You are extremely prompt and helpful.
Best regards,
Bostjan Murovec
Hello, could you tell me if the error was solved? I am having the same issue, the "rev,rev" thing. However, I have got a slightly different error message:
Error message returned from bowtie2 : Could not open index file /lustre/marialaura/databases/humann/struo_gtdb/nucleotide/all_genes_annot.rev.rev.1.bt2l Could not open index file /lustre/marialaura/databases/humann/struo_gtdb/nucleotide/all_genes_annot.rev.rev.2.bt2l (ERR): bowtie2-align died with signal 11 (SEGV)

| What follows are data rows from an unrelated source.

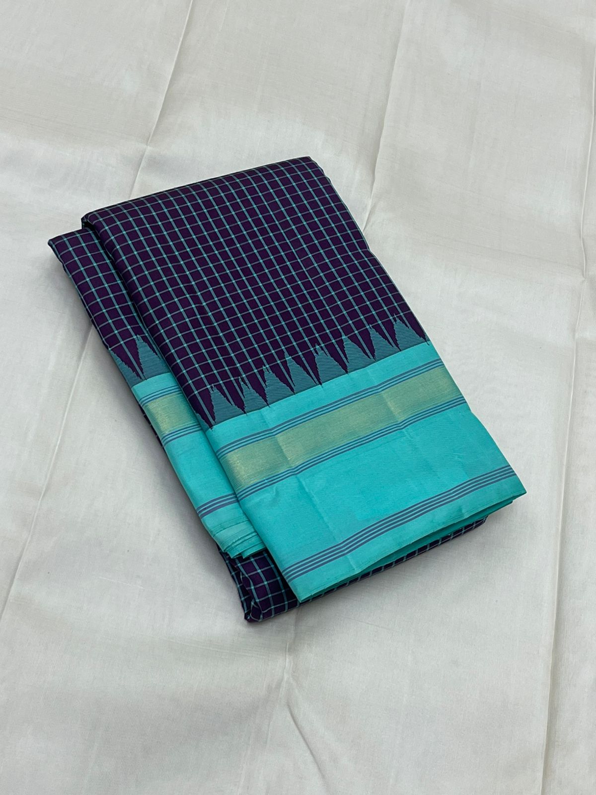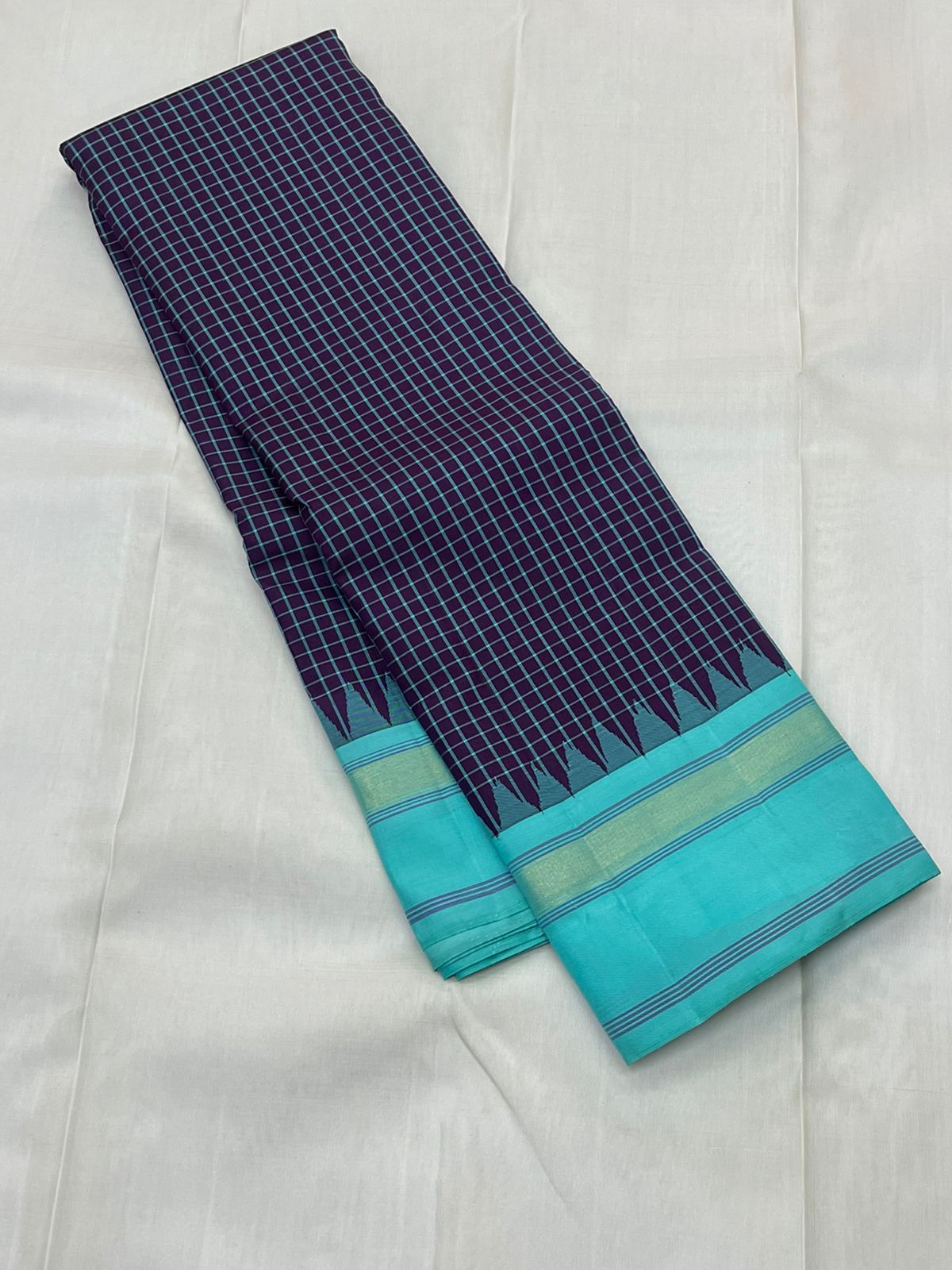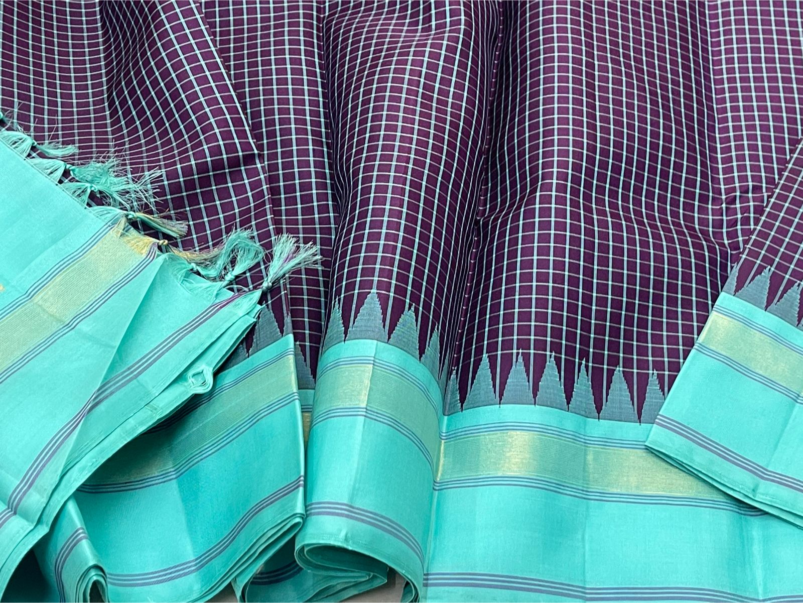 A modern classic in temple tradition. The body comes in a rich aubergine/plum tone woven with micro kattam (checks) in cool aqua. Sharp muthu–reku temple teeth frame the body and flow into contrast sea-green korvai borders accented with fine gold zari stripes. The pallu continues in sea-green with vertical zari lines and a stylized spear motif for a traditional finish. Paired with a matching sea-green blouse piece carrying the zari border.
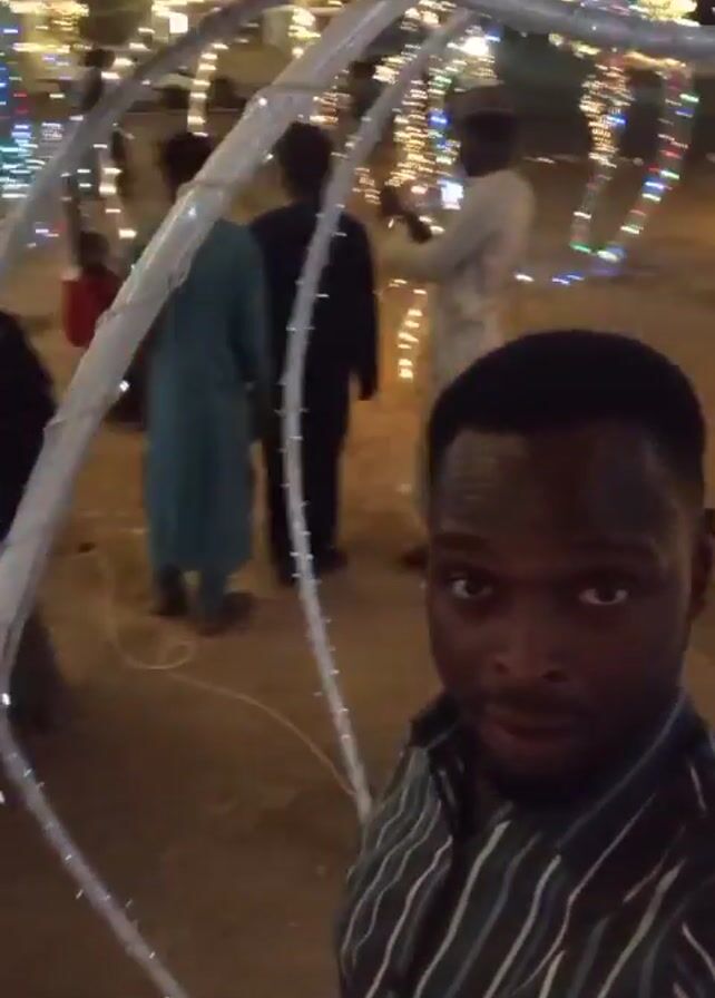 A man takes a selfie in a public space with other people walking around in the background. He is wearing a striped shirt. A decorative structure made of white frames adorned with white lights is partially visible in the foreground, framing the selfie. The background is filled with more decorative lights, possibly strung between structures or trees. Other people are visible in the background, walking around and wearing various types of clothing. The ground appears to be dirt or sand.
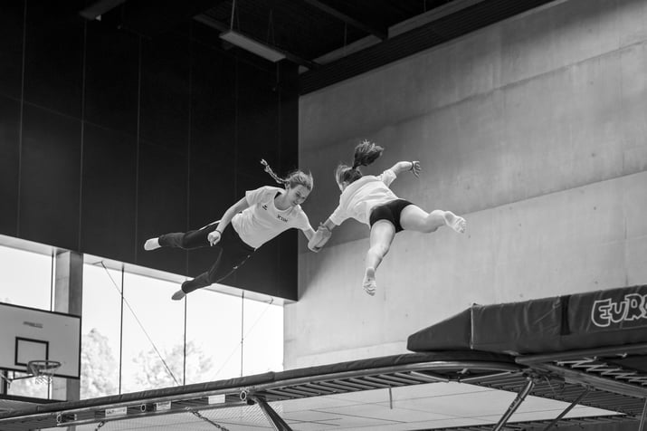 Die SportlerInnen haben in diesem Block die Möglichkeit, entsprechend ihrem Leistungsniveau turnerische/akrobatische Elemente zu erlernen bzw. zu vertiefen und neue Bewegungserfahrungen zu sammeln. Gleichzeitig wird ihre Kraftausdauer mit einem turnspezifischen Krafttraining erhöht. Durch eine klare Definition der individuellen Ziele kann jede/r Sportler/in an einer persönlichen Auswahl an Elementen arbeiten, ohne in der Gruppe über- oder unterfordert zu werden.
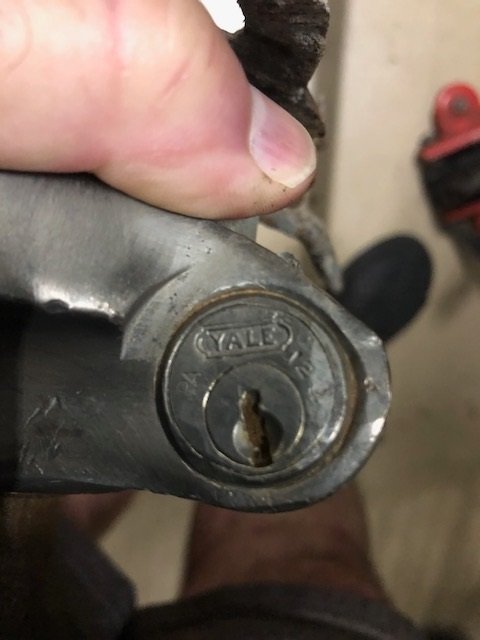 Here's a picture of the lock on the steering shaft. The lock says PA 129. the bad news is there appears to be a broken off key in the lock.
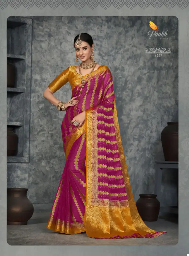 - Wholesale Sarees Catalog: Tailored for retailers and fashion connoisseurs, this wholesale catalog presents a curated selection of Suchitra Silk Organza Sarees from Pankh. It’s an excellent opportunity to enhance your inventory with high-end ethnic wear.
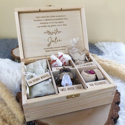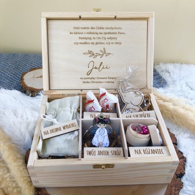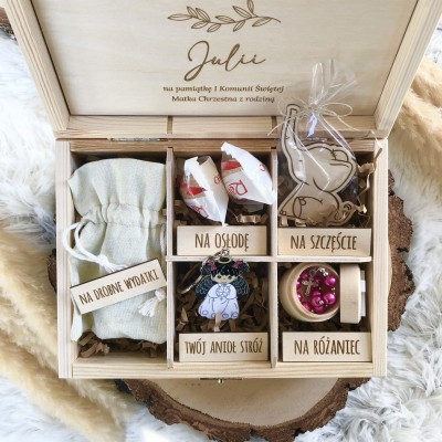 Wszystkie warianty do wyboru (życzenia, grawer na pudełku, czcionki, breloczki, tabliczki i różańce) pokazane są na zdjęciach w galerii produktu.
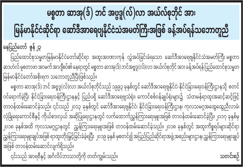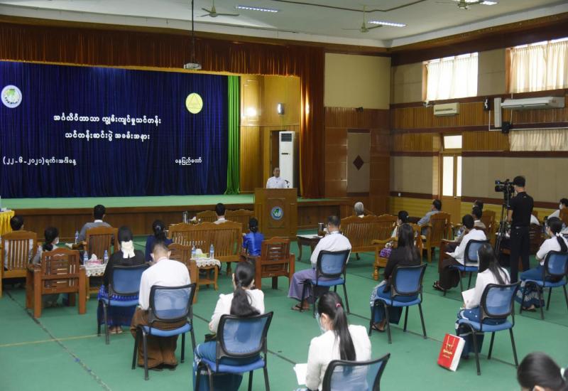ပြန်ကြားရေးဝန်ကြီးဌာနနှင့် ပညာရေးဝန်ကြီးဌာနတို့ ပူးပေါင်းစီစဉ်ဖွင့်လှစ်သော အင်္ဂလိပ်ဘာသာ ကျွမ်းကျင်မှုသင်တန်းဆင်းပွဲ အခမ်းအနားကို ယနေ့နံနက် ၁၀ နာရီတွင် နေပြည်တော်ရှိ ပြန်ကြားရေး ဝန်ကြီးဌာန အစည်းအဝေးခန်းမ၌ ကျင်းပသည်။
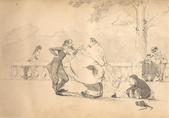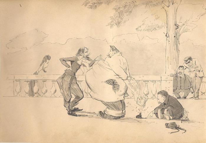 Représentation des pensionnaires (de gauche à droite) Henri Rabaud / Hippolyte Roussel / René Patouillard / Charles Germain / Jérémie Octobre / Jules-Auguste Leroux. sur la terrasse du Bosco ; architecture extérieure avec arbre.
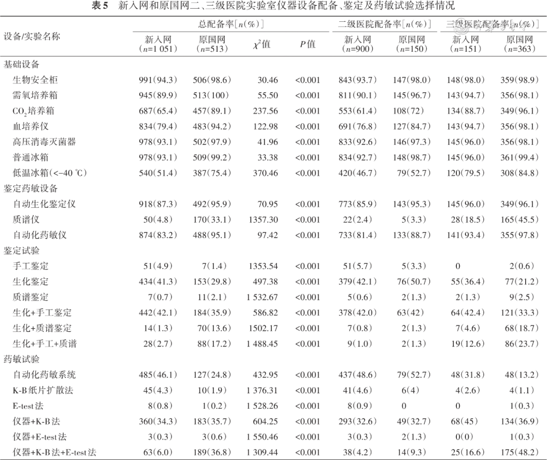方法 基于全国细菌耐药监测网(CARSS)中参与调查的4513家医院提供的微生物实验室建设及耐药监测能力数据信息,选取2021年新入网医院(3096家)和2021年前已加入CARSS的原国网医院(1417家)中同样规模床位数的1051家和513家,对其微生物实验室检测空间、仪器设备配置及检测方法、微生物检验、培养及药敏试验开展和质量控制等情况进行数据统计和分析。
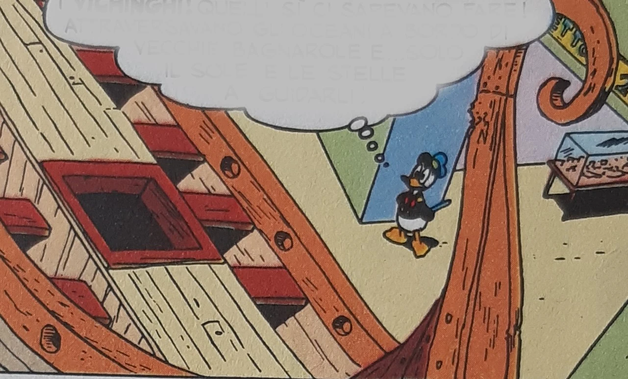 A bordo della barcaccia vichinga il custode trova un misterioso individuo che sta scrupolosamente controllando tutti gli anfratti della nave. Dopo averlo cacciato, Paperino trova casualmente l'oggetto delle ricerche dell'inopportuno visitatore: un'antica mappa vichinga, che consegna subito al direttore del Museo. Il professore rivela che si tratta di una delle scoperte storiche più importanti di sempre: è la prova definitiva che i vichinghi scoprirono l'America cinquecento anni prima di Colombo.
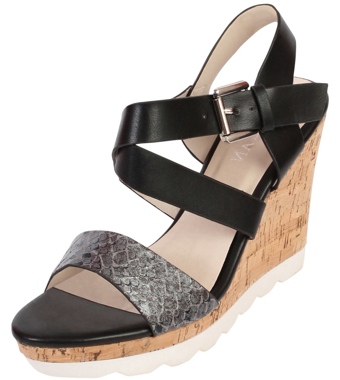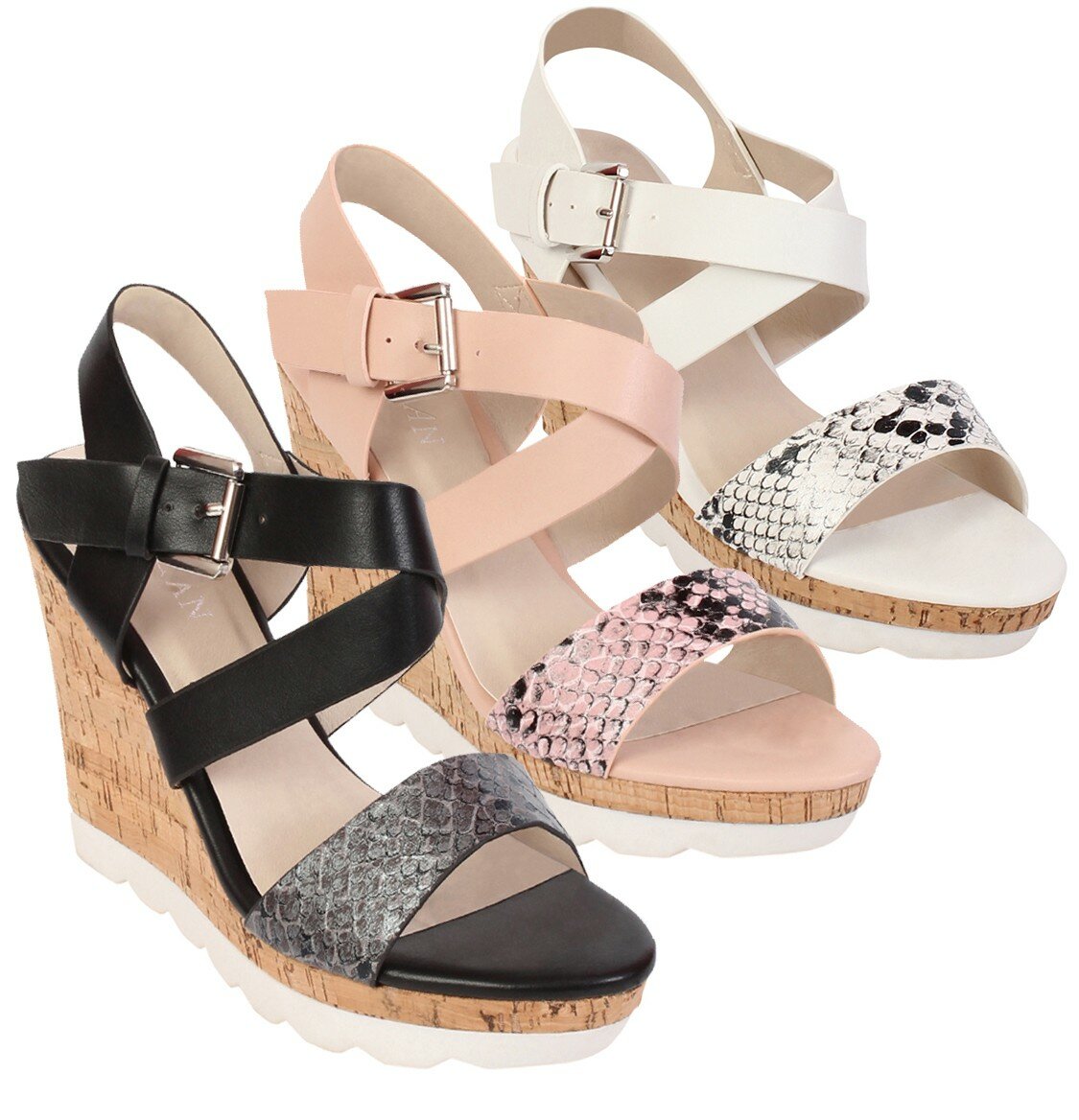 Womens Ladies Cork Summer Wedge Strappy Shoes Slingback Peep Toe Wedge Sandals
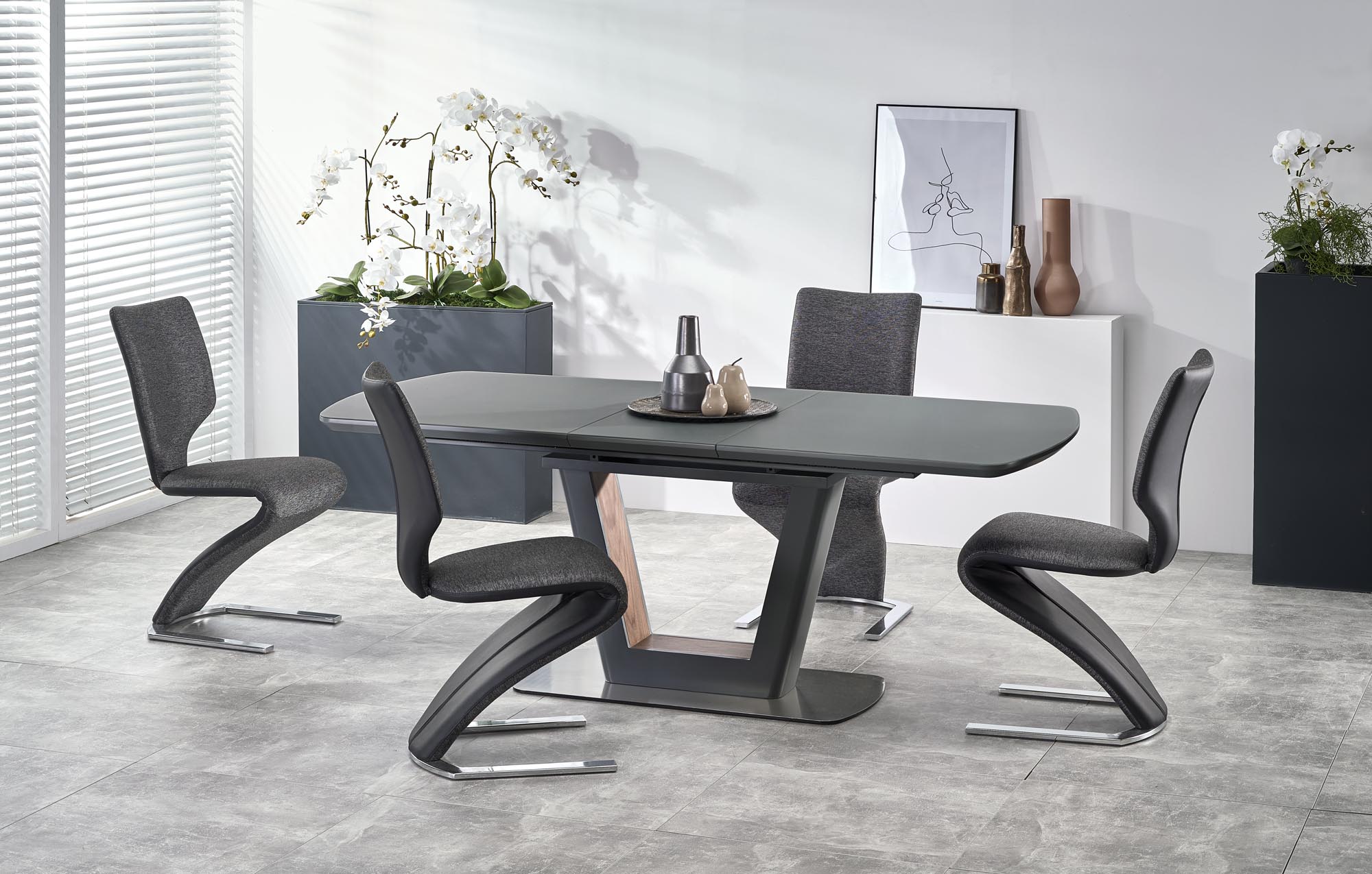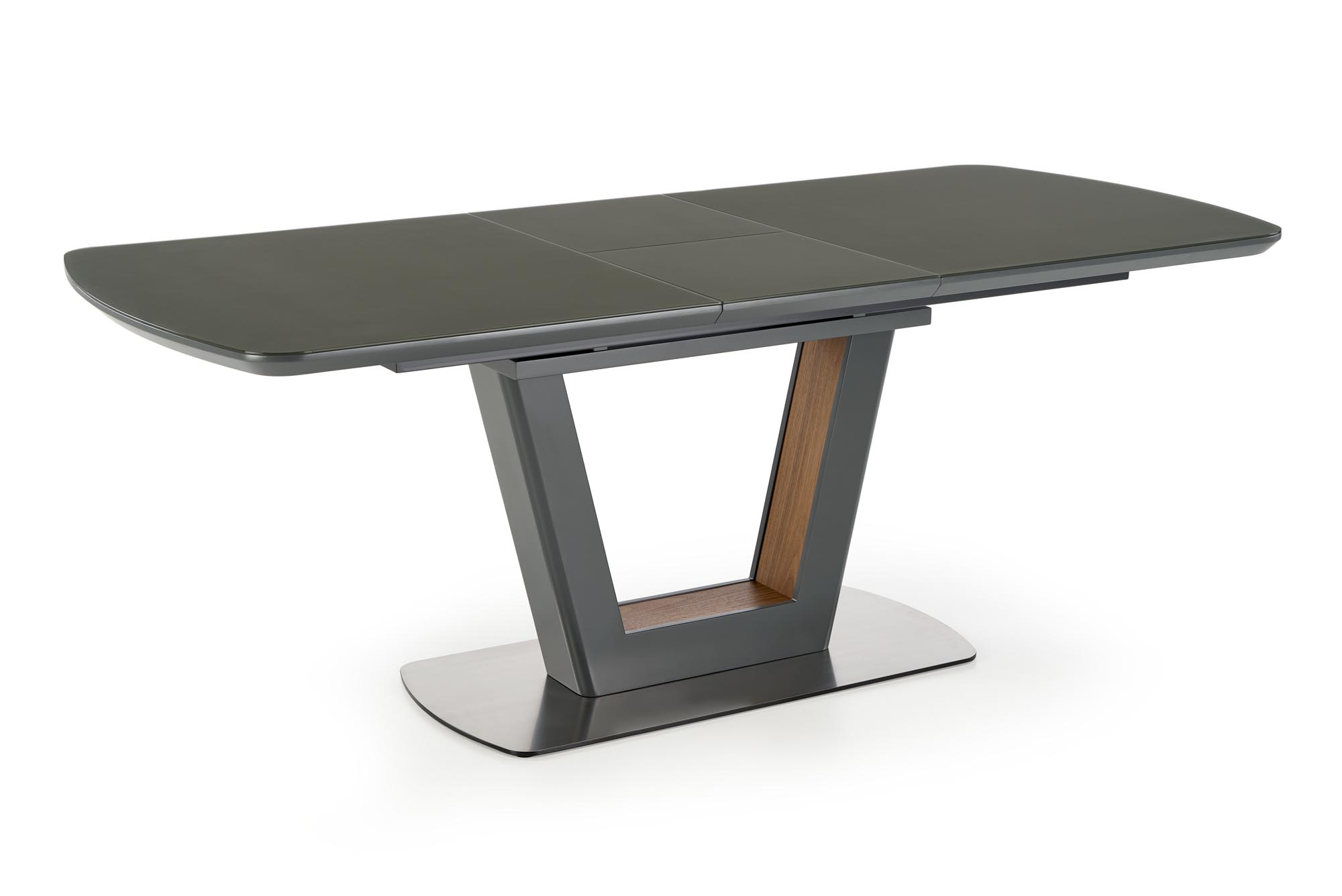 размеры: 160÷200/90/76 см, удлинительный стол, материал: стекло/лакированный МДФ/ламинированный МДФ/нержавеющая сталь, цвет: антрацит матовый/орех
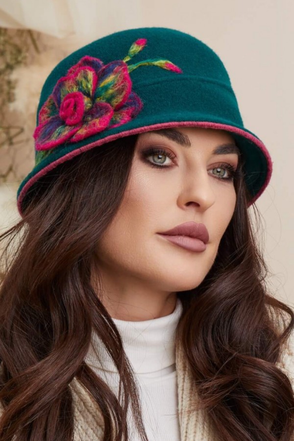 Caciula de dama stil palarie Sisi 1 se remarca prin designul modern si accesorizarea deosebita. In partea laterala este decorata cu o aplicatie florala in culori contrastante, care ofera un aer proaspat si primavaratic. Aceasta aplicatie este realizata manual, astfel incat culorile pot fi usor diferite fata de poza. De asemenea, cusatura decorativa care incercuieste calota adauga un plus de eleganta si originalitate intregii piese.

I have searched for the meaning of error "signal 11 SEGV". Here is what I found and tried, but I do not understand well, I am a beginner and still have lots to learn.
I found this on Bowtie2 site, here. "Signal 11 SEGV" seems to be related to the number of threads (one thread vs. multi-thread). This should be fixed in version 2.4, though a few people still have this error (including me, who is using 2.4.2). I tried running with one single thread, but it still failed with the same error.
If you have found a solution for the issue, please tell me. Thank you.
Does the all_genes_annot.rev.rev.1.bt2l
indeed exist at /lustre/marialaura/databases/humann/struo_gtdb/nucleotide/
?
If it does exist, what is the file size? It should be 12G
Does the
all_genes_annot.rev.rev.1.bt2l
indeed exist at/lustre/marialaura/databases/humann/struo_gtdb/nucleotide/
?If it does exist, what is the file size? It should be 12G
That is what I have:
[marialaura]$ tree -h
|-- [ 12K] nucleotide
| |-- [ 12G] all_genes_annot.1.bt2l
| |-- [ 13G] all_genes_annot.2.bt2l
| |-- [500M] all_genes_annot.3.bt2l
| |-- [6.6G] all_genes_annot.4.bt2l
| |-- [ 12G] all_genes_annot.rev.1.bt2l
| |-- [ 13G] all_genes_annot.rev.2.bt2l
| `-- [7.9G] genome_reps_filt_annot.fna.gz
`-- [ 12K] protein
`-- [ 11G] uniref90_201901.dmnd
2 directories, 8 files
So I do not have all_genes_annot.rev.rev.1.bt2l
("double rev"), I just have all_genes_annot.rev.1.bt2l
("single rev"). But as @BostjanMurovec already said, even if I tried to rename it to "double rev", it would return an error Could not open index file all_genes_annot.rev.rev.rev.1.bt2l
("triple rev").
If I delete the all_genes_annot.rev.1.bt2l
, the program asks for all_genes_annot.rev.1.bt2l
(single rev). But then it doesn't exist, of course.
In my last attempt, I used the command:
humann \
--bypass-nucleotide-index \
--search-mode uniref90 \
--remove-temp-output \
--nucleotide-database /marialaura/databases/humann/struo_gtdb/nucleotide/ \
--protein-database /marialaura/databases/humann/struo_gtdb/protein/ \
--taxonomic-profile /marialaura/kraken_results/mpa_syle/S57.mpa.txt \
--threads 1 \
--input /marialaura/samples_joined/S57_R1_R2.fastq.gz \
--output /marialaura/humann_results/humann_23-06_test
I used Bowtie 2.4.2 and Humann v3.0.0.alpha.4.
@marialgk this is likely a humann3 bug. Can you try updating humann3 to the non-alpha version of humann3?
Closing due to lack of activity. Feel free to reopen, if needed.